■ TASK INPUT
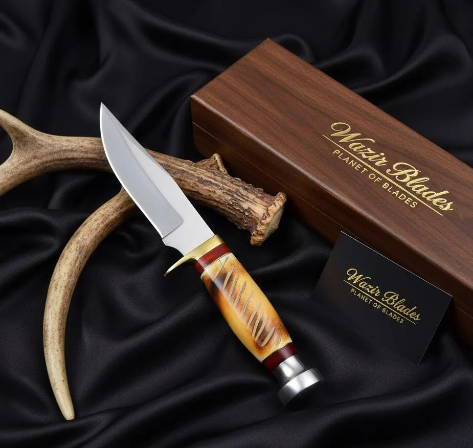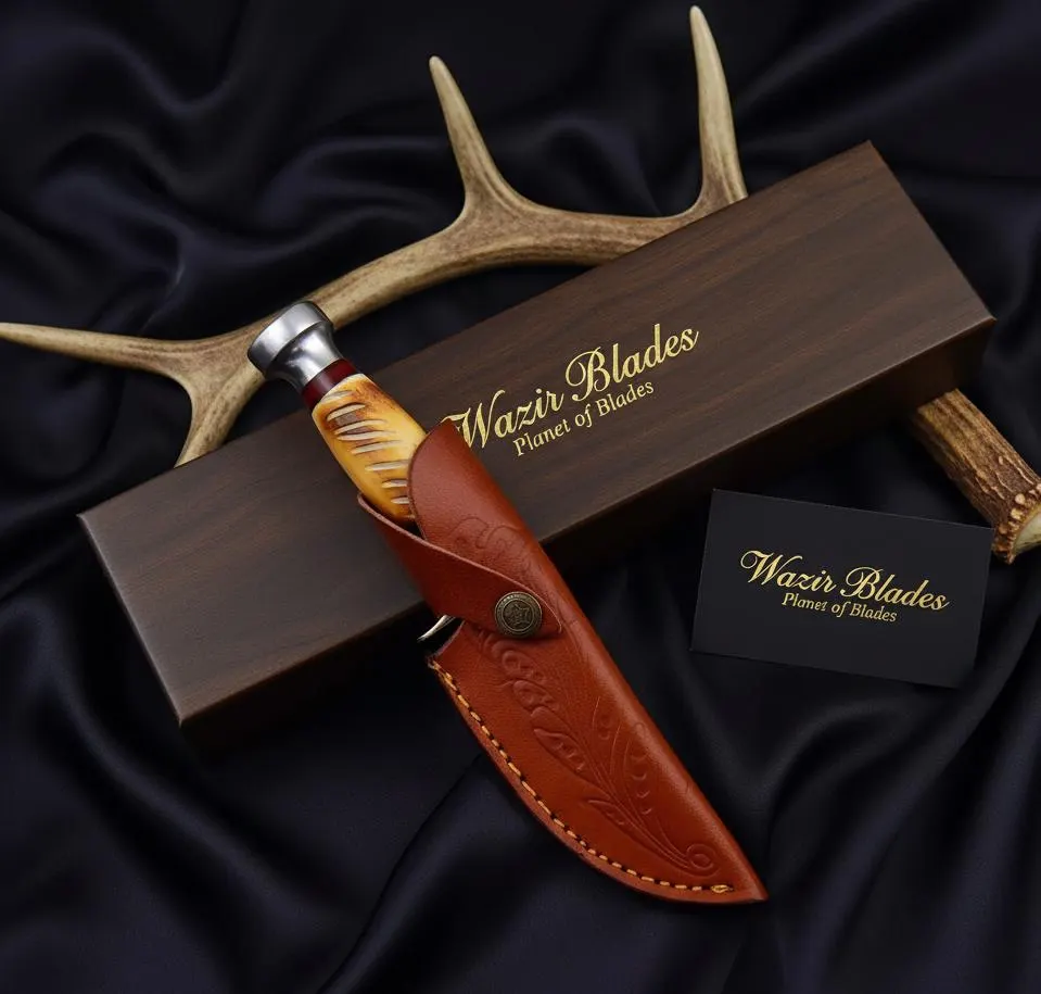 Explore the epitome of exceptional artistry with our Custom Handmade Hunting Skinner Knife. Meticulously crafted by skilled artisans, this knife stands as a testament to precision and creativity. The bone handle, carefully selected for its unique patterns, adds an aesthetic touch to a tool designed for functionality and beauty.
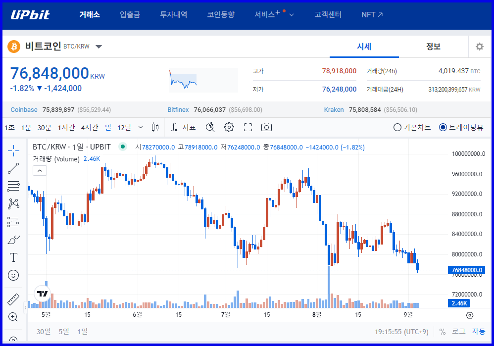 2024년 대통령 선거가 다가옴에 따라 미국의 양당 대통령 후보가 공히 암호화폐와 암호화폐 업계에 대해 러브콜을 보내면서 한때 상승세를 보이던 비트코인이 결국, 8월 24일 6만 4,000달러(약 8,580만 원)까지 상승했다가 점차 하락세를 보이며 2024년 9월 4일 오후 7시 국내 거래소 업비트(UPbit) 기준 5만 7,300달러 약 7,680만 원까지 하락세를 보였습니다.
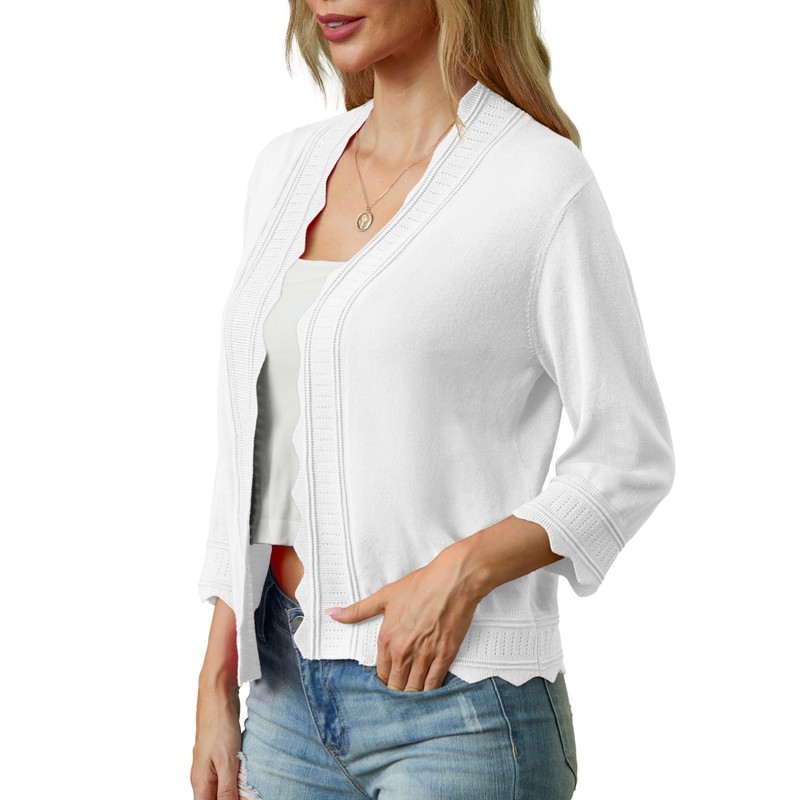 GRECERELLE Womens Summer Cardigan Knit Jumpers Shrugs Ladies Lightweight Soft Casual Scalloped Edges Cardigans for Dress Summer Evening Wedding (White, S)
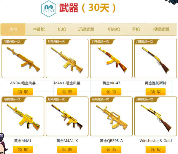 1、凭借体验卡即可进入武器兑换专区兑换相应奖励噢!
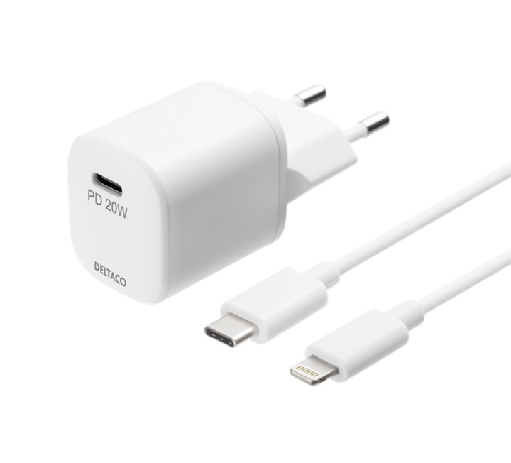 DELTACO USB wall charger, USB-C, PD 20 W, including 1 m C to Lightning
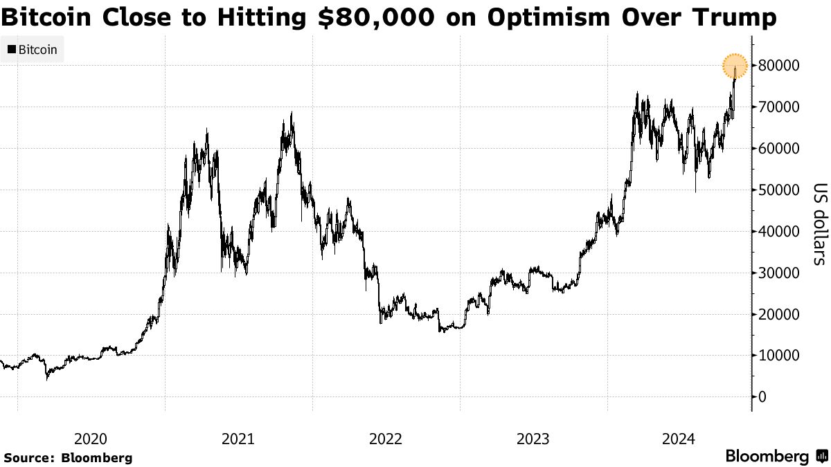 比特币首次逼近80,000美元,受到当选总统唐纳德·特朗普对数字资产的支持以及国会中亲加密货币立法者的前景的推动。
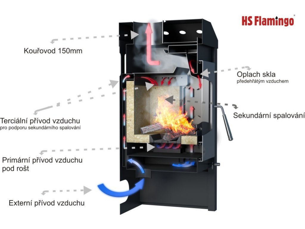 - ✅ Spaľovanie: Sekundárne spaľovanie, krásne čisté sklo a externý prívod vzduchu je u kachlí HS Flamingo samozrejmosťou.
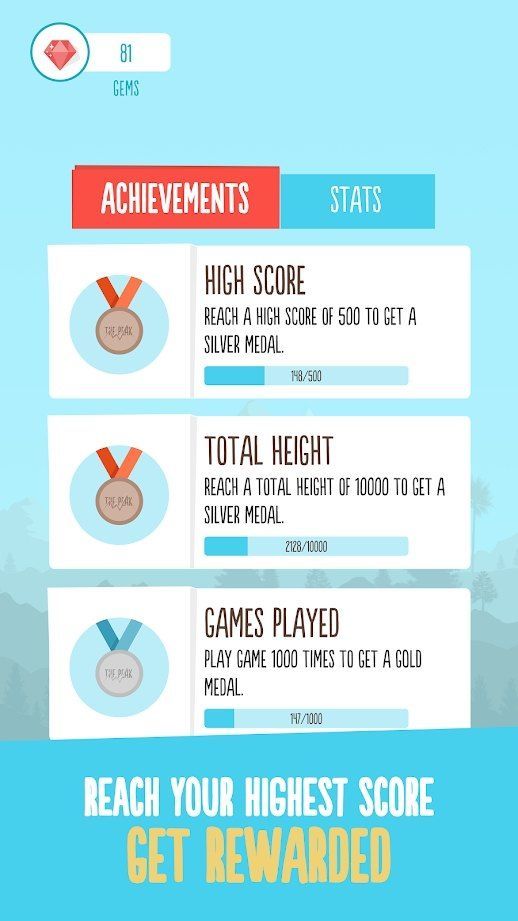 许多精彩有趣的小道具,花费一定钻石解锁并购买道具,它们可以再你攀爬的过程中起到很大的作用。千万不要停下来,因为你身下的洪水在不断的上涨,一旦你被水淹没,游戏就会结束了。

* * *

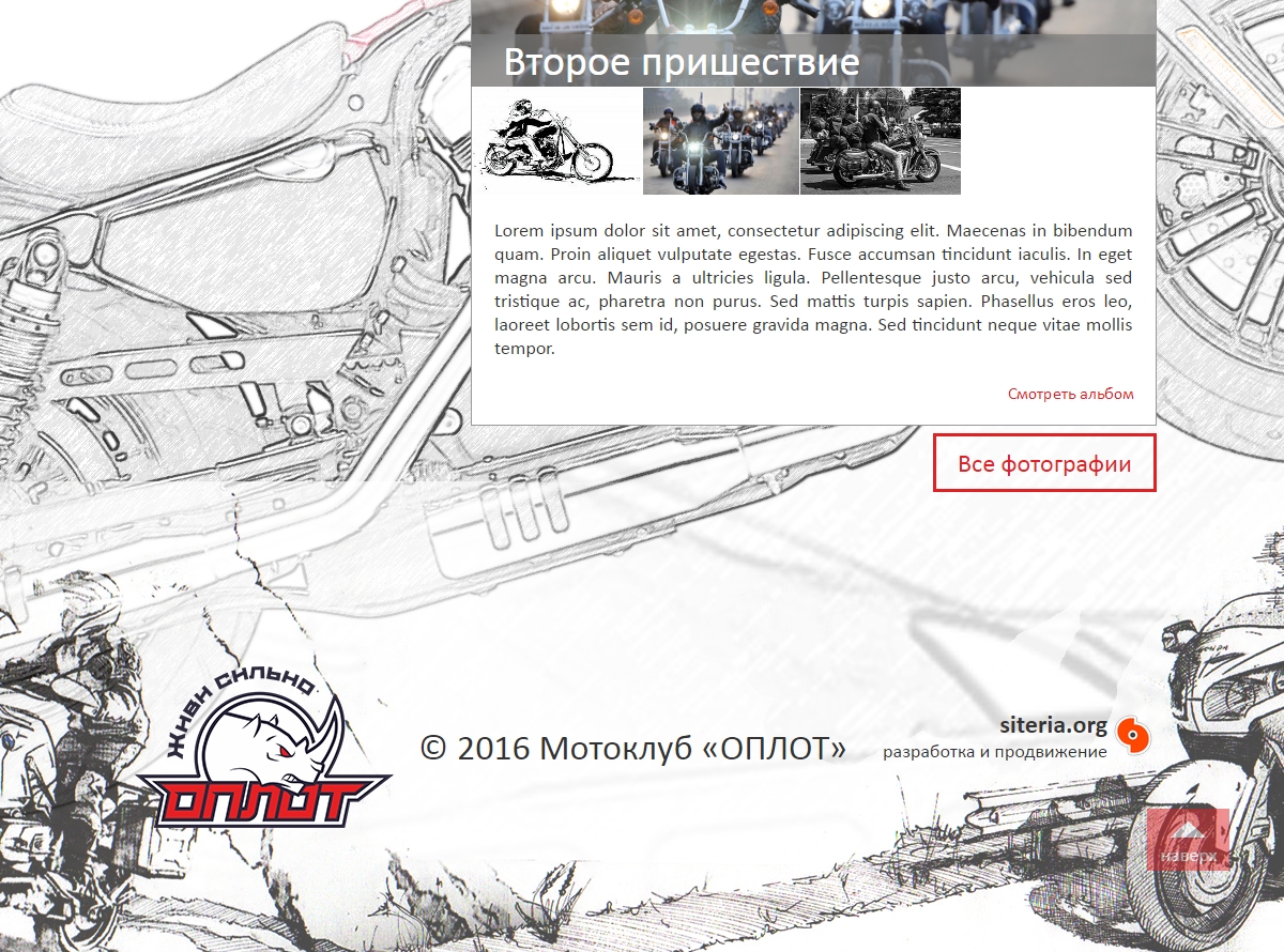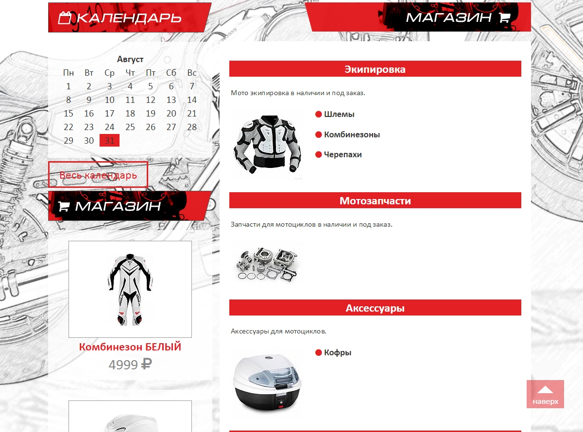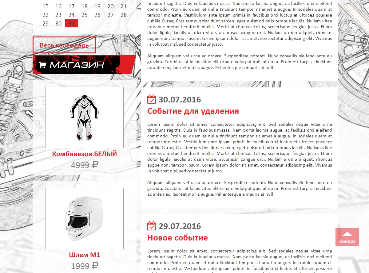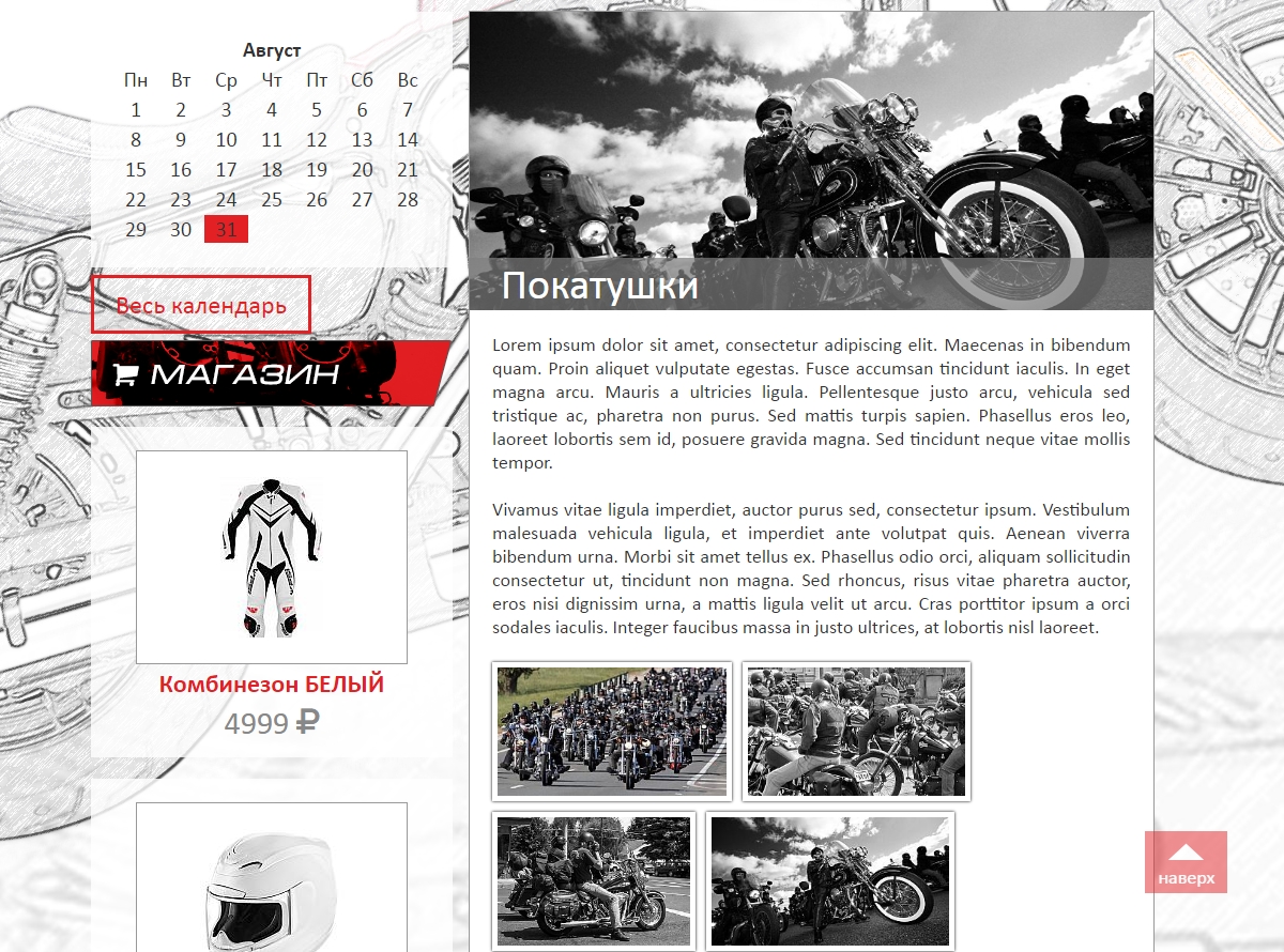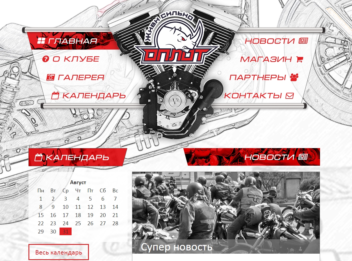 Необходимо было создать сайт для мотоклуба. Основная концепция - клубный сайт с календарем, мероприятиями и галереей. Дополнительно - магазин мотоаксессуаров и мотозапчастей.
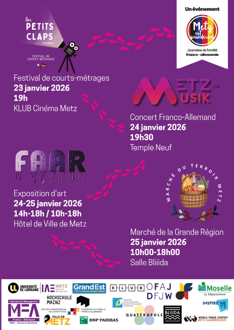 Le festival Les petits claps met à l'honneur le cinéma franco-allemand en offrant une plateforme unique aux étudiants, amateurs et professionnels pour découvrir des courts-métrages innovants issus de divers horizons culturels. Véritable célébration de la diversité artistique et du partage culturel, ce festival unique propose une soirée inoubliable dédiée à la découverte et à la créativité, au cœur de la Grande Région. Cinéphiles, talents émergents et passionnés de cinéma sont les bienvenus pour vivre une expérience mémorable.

■ EXERCISE DESCRIPTION
Output exactly the stretch of the listing that begins at the line containing "GRECERELLE Womens Summer" and ends at the line containing "许多精彩有趣的小道具,花费一", both kept. Omit pictures and everything else.

■ PROBLEM SOLUTION
 GRECERELLE Womens Summer Cardigan Knit Jumpers Shrugs Ladies Lightweight Soft Casual Scalloped Edges Cardigans for Dress Summer Evening Wedding (White, S)
 1、凭借体验卡即可进入武器兑换专区兑换相应奖励噢!
 DELTACO USB wall charger, USB-C, PD 20 W, including 1 m C to Lightning
 比特币首次逼近80,000美元,受到当选总统唐纳德·特朗普对数字资产的支持以及国会中亲加密货币立法者的前景的推动。
 - ✅ Spaľovanie: Sekundárne spaľovanie, krásne čisté sklo a externý prívod vzduchu je u kachlí HS Flamingo samozrejmosťou.
 许多精彩有趣的小道具,花费一定钻石解锁并购买道具,它们可以再你攀爬的过程中起到很大的作用。千万不要停下来,因为你身下的洪水在不断的上涨,一旦你被水淹没,游戏就会结束了。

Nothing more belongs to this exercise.